The Salem museum examines 200 years of artists capturing the beauty, violence and poetry of the sea in American life. Visitors are transported across time and water through paintings by artists such as Georgia O'Keeffe, Winslow Homer, Kay WalkingStick and Amy Sherald.

Amy Sherald, official portrait artist to First Lady Michelle Obama, offers something we don’t always see in museums — black people on a beach. Sherald’s 2019 painting Precious jewels by the sea offers a contemporary twist on marine painting while depicting four Black teenagers in bathing suits, the deep blue horizon beyond. Two boys stand tall with girls seated on their shoulders. Sherald describes her motivation to make “images of things that we normally do but we don’t get to see in spaces like museums. Like black people going to the beach. . . So it’s really just about creating American narratives about American people— while critiquing it at the same time.”

Guests in the gallery on opening weekend of In American Waters. KATHY TARANTOLA/PEM

This summer, visitors to the Peabody Essex Museum will see that marine painting is so much more than ship portraits.  In American Waters, combines art history, marine history, and even neuroscience as well as a range of artists and artistic expressions to create a more inclusive vision of American marine painting and American art. 

“We are casting the net more broadly and incorporating works that are clearly infused with maritime themes, which don’t necessarily depict a portrait of a ship of a particular moment in time, but evoke the maritime experience in different ways,” says Dan Finamore, PEM’s Associate Director – Exhibitions and The Russell W. Knight Curator of Maritime Art and History. 

Michele Felice Cornè (1752-1845). Ship America on the Grand Banks, about 1800. Oil on canvas. 39 3/4 x 56 inches (100.965 x 142.24 cm). Gift of Mrs. Francis B. Crowninshield, 1953

Founded in 1799 by the East India Marine Society, the Salem museum developed one of the nation’s first and foremost maritime collections. The works gathered for this exhibition, from America’s early days to the contemporary era, convey powerful origin stories and everyday scenes. Horizons transport us to the sea as a real and imaginative space. The horizon, whether in the realist portrayal by John Frederick Kensett or the modernist abstraction of Norman Lewis, forms a singular point of reference that can orient or disorient us and foster a wide range of emotions. 

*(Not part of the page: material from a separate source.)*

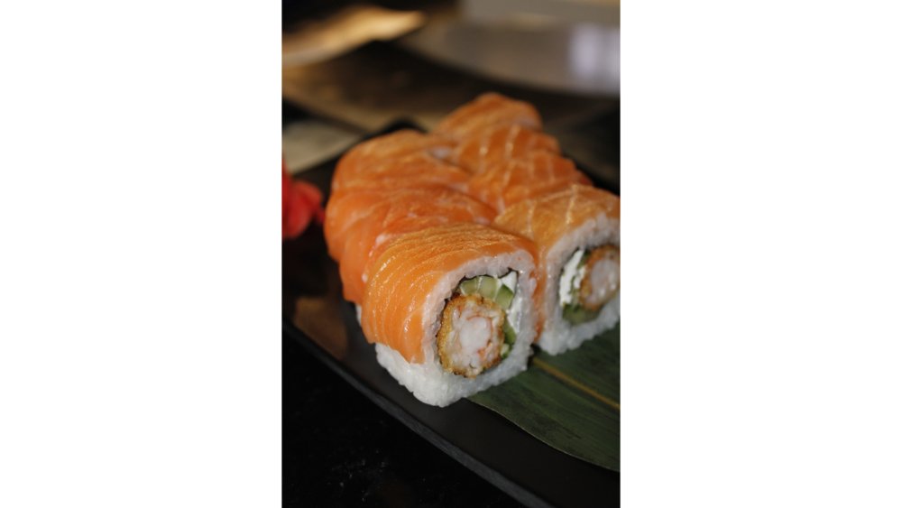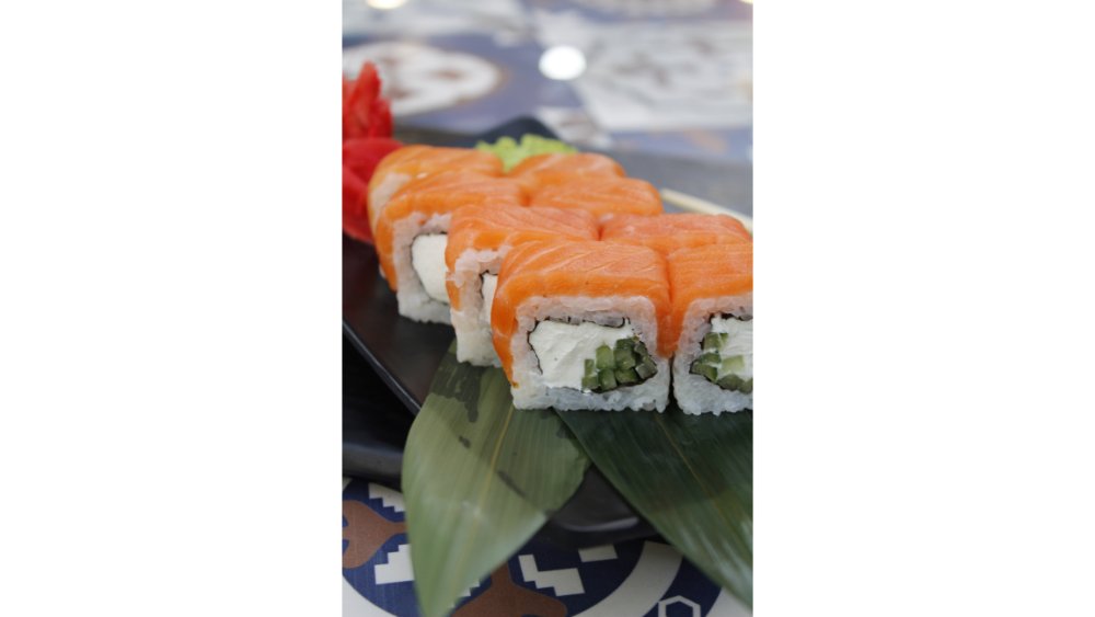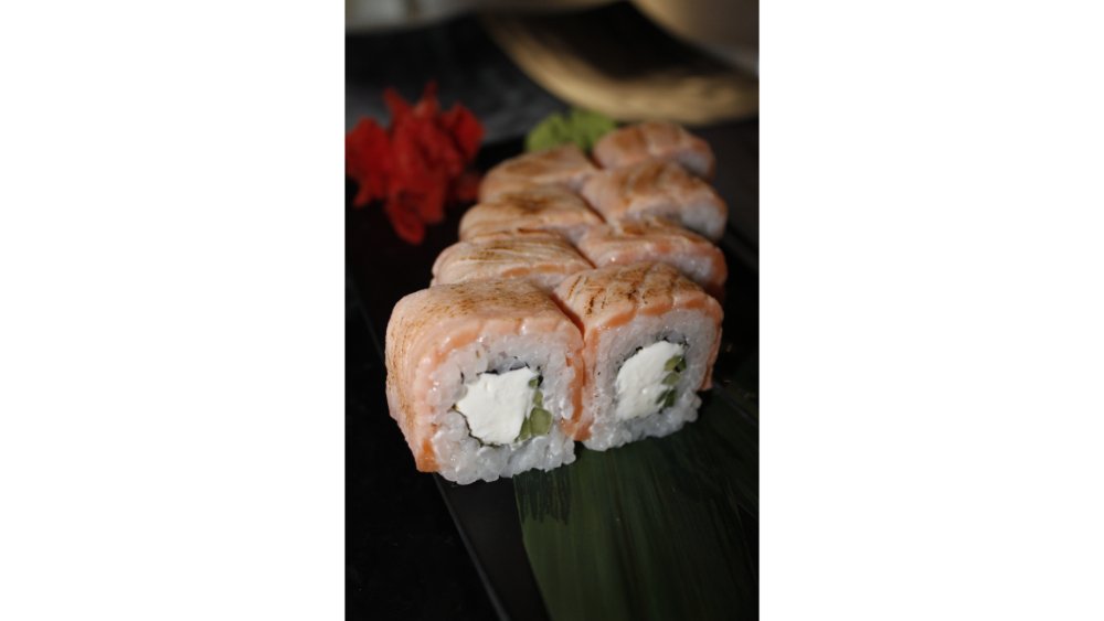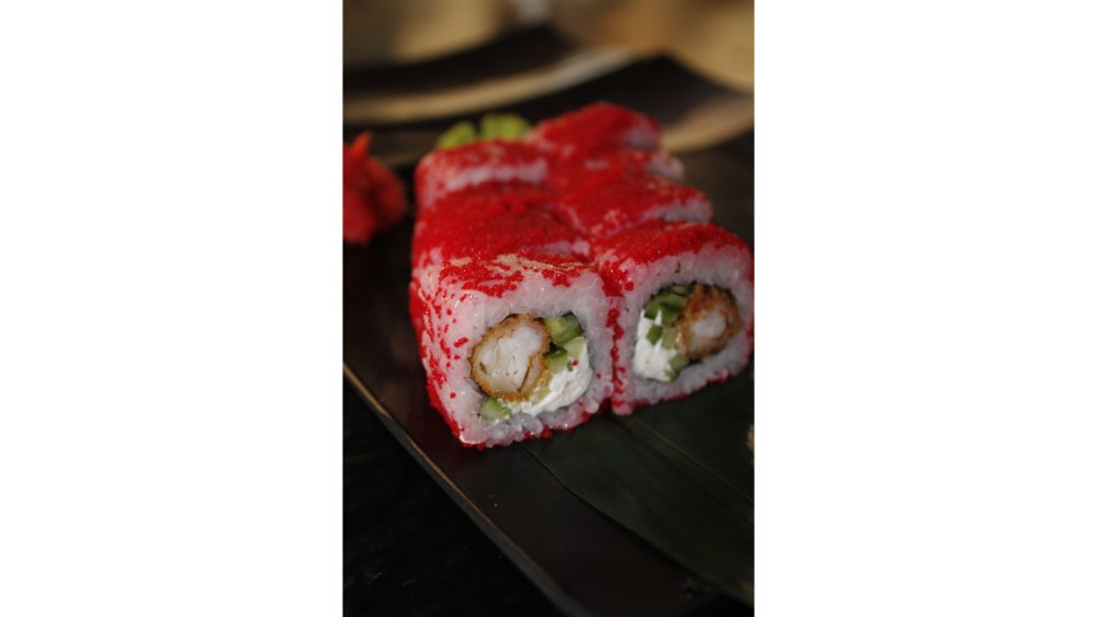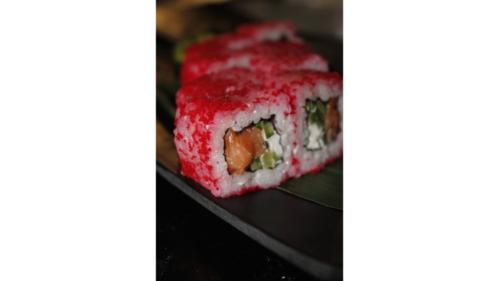 Suşi düyüsü, nori, krem pendiri, qızılbalıq, xiyar, tobiko

Studying brain function can tell us a lot about how we perceive and interpret a work of art, including seascapes. Curious about what parts of a seascape draw the greatest amount of people’s attention and whether there are consistent patterns of viewing behavior, the PEM team collaborated with specialists at Harvard University. The resulting findings are available in a digital interactive in the exhibition’s galleries. 

In her 1928 work, Wave, Night, Georgia O’Keeffe reimagined her encounter of a wave at night on York Beach, Maine. The artist employs her modern approach to spatial abstraction and to the nature of horizons, disorienting the viewer, who might feel simultaneously immersed in the space and distanced from it. 

Co-organized with Crystal Bridges of American Art in Bentonville, Arkansas, the exhibition offers a diverse range of modern and historical artists including Norman Rockwell, Hale Woodruff, Paul Cadmus, Thomas Hart Benton, Jacob Lawrence, Valerie Hegarty, Stuart Davis, and many others. These paintings shape our perceptions of the sea and engage our emotions, whether depicting the open ocean or waves crashing on shore, a ship in the midst of battle, or a yacht in racing splendor. 

Charles Sheeler. Pertaining to Yachts and Yachting, 1922. Oil on canvas. 20 x 24 1/16 inches (50.8 x 61.1 cm). Philadelphia Museum of Art: Bequest of Margaretta S. Hinchman, 1955 1955-96-9. Courtesy of the Philadelphia Museum of Art

Today the sea is on the minds of Americans, in part, because of sea-level rise and the impact of associated climate events on coastal communities and beyond. This uniting issue offers us a fresh perspective, one that is both universal and an opportunity to come up with creative solutions. These paintings emphasize our individual and collective experience, and deepen our understanding of the sea as a symbol of national opportunity and invention.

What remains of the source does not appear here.